Milk production in the 23 major producing states was 14,750 million lbs in July, up 1.7% from July 2007. It was the smallest monthly year-over-year increase since 1.2% in June 2007 from June 2006, according to U.S. Department of Agriculture data.

"Milk production increases, both this year and next, will be slight," the U.S.D.A. said in its most recent Livestock, Dairy and Poultry Outlook. "Lower forecast prices and lower forecast feed prices combine to maintain dairy herds and hold production relatively steady."

Monthly production will have to slide considerably further in the latter half of the year if the U.S.D.A.’s forecast annual increase of only 2.1% from 2007 is to be realized. Milk production in the first six months of the year was up 3.4% from the same period of 2007, with monthly year-over-year increases ranging from 2.3% to 3.5% (excluding February because of Leap Year). The U.S.D.A. expects only a 0.4% increase in milk production in 2009.

Milk prices paid to farmers have declined modestly this year. In its latest Agricultural Prices report, the U.S.D.A. said the average price paid for all grades of milk was $18.50 a cwt in August, down 14% from August 2007.

Price declines for most dry dairy products have been much greater and are well below year-ago levels, some of which peaked at record highs in the second and third quarters of 2007.

At the end of August, the most dramatic decline was for 34% whey protein concentrate at 45@55c a lb, down 70% from a year earlier. Lactose values at 20@30c were down 64% and dry whey at 20@25c was down 58%. Dry buttermilk prices were $1.10@1.25 a lb, down 41%, and all classes of nonfat dry milk ranged from $1.35@1.52 a lb, down 30% to 33% from the same time last year.

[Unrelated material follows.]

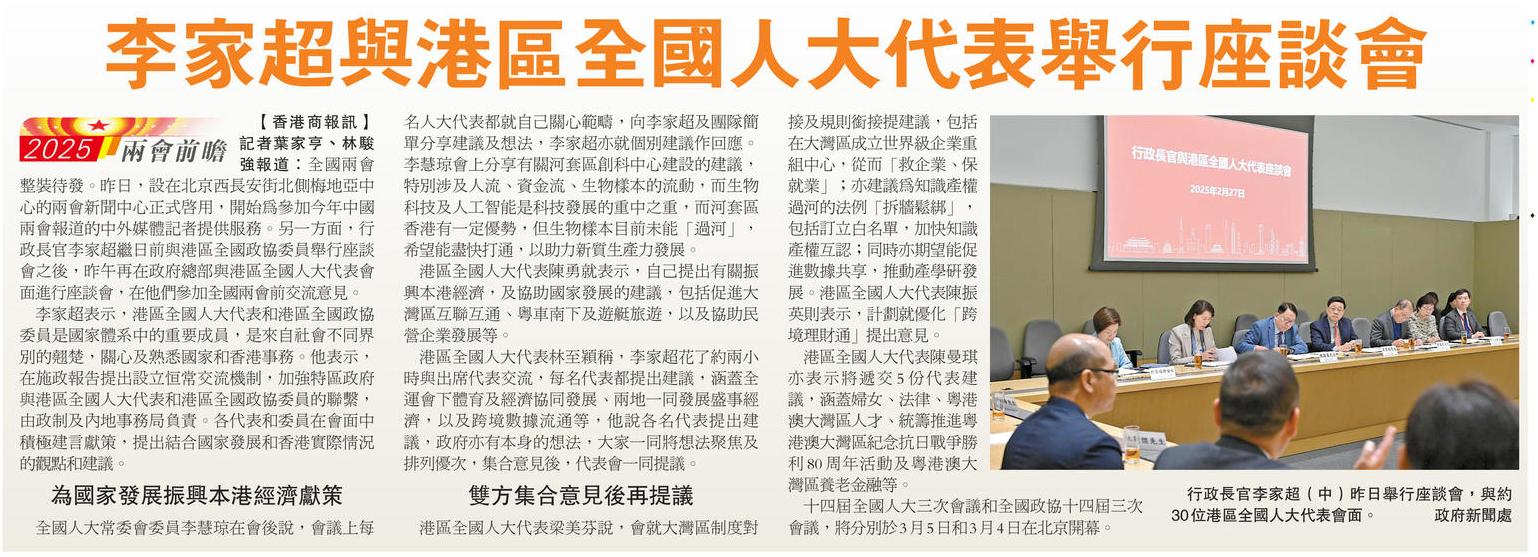 李家超與港區全國人大代表舉行座談會

"Whey prices have been declining throughout 2008 as demand has flagged," the U.S.D.A. said.

In its latest Dairy Products report, the U.S.D.A. said July 31 manufacturers stocks of dry dairy products for human consumption ranged from 4% to 68% above year-ago levels. Stocks of nonfat dry milk were 140 million lbs, up 12%, dry whey 56 million lbs, up 4%, whey protein concentrate 41 million lbs, up 61%, dry buttermilk 9 million lbs, up 12%, and lactose 86 million lbs, up 67%.

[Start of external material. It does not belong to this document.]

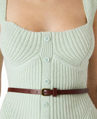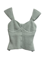 This ribbed knit bustier-style tank in a soft, muted sage/mint tone is the epitome of feminity. It features a soft square neckline with wide straps and a faux button front, giving it that polished, slightly vintage feel. The knit has a sculpting effect with underbust seaming that mimics a corset, creating a flattering, contoured silhouette without feeling restrictive. The vertical ribbing throughout adds texture and structure, while the subtle peplum flare at the hem gives it shape and a feminine finish. The back mirrors the clean, structured look with a squared neckline, keeping it sleek from every angle. Styled with relaxed denim and a slim belt, it balances perfectly between tailored and effortless—that “put together but not trying too hard” vibe. (BELT NOT INCLUDED)

Only stocks of dry whey and whey protein concentrate, both for animal feed, were down from a year ago, the U.S.D.A. said.

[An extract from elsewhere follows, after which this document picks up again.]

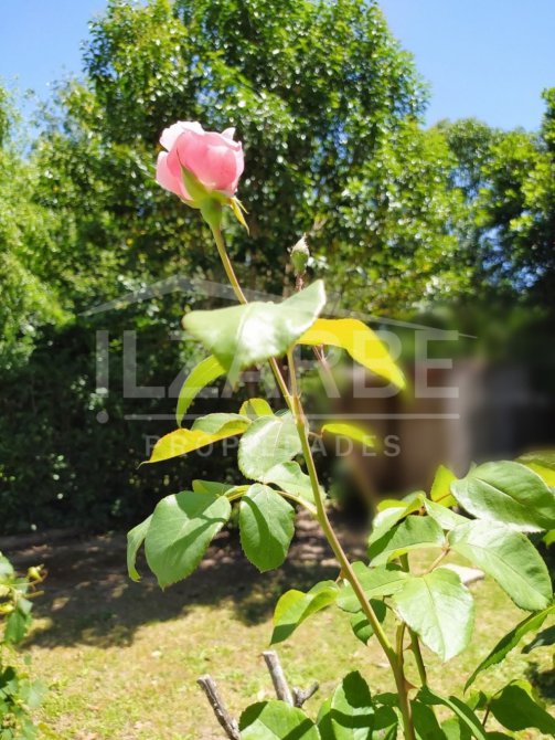 Con respecto al exterior, cuenta con amplio patio delantero y trasero, que se conectan por un pasillo (en uno de sus extremos), y posee numerosas plantas y arboles.

Stocks of several dry dairy products in July 2007 already were above year-ago levels, predicating the eventual pressure on prices. Nonfat dry milk stocks on July 31, 2007, were 50% above year-earlier levels, dry whey was 30% above, lactose was 23% above and dry buttermilk was 68% above. Only stocks of whey protein concentrate for food use were below year-earlier amounts at the time.

Much of last year’s price gains were driven by strong export demand, related in part to the weak U.S. dollar and also to tight supplies in the two other major producing regions of Europe and Oceana. Production and supplies in both of those regions are up from last year, resulting in some easing in foreign demand for U.S. dairy products, although export sales will continue to offer support for dairy prices, the U.S.D.A. said.

The U.S.D.A. projects lower exports in 2009 as the U.S. economy recovers.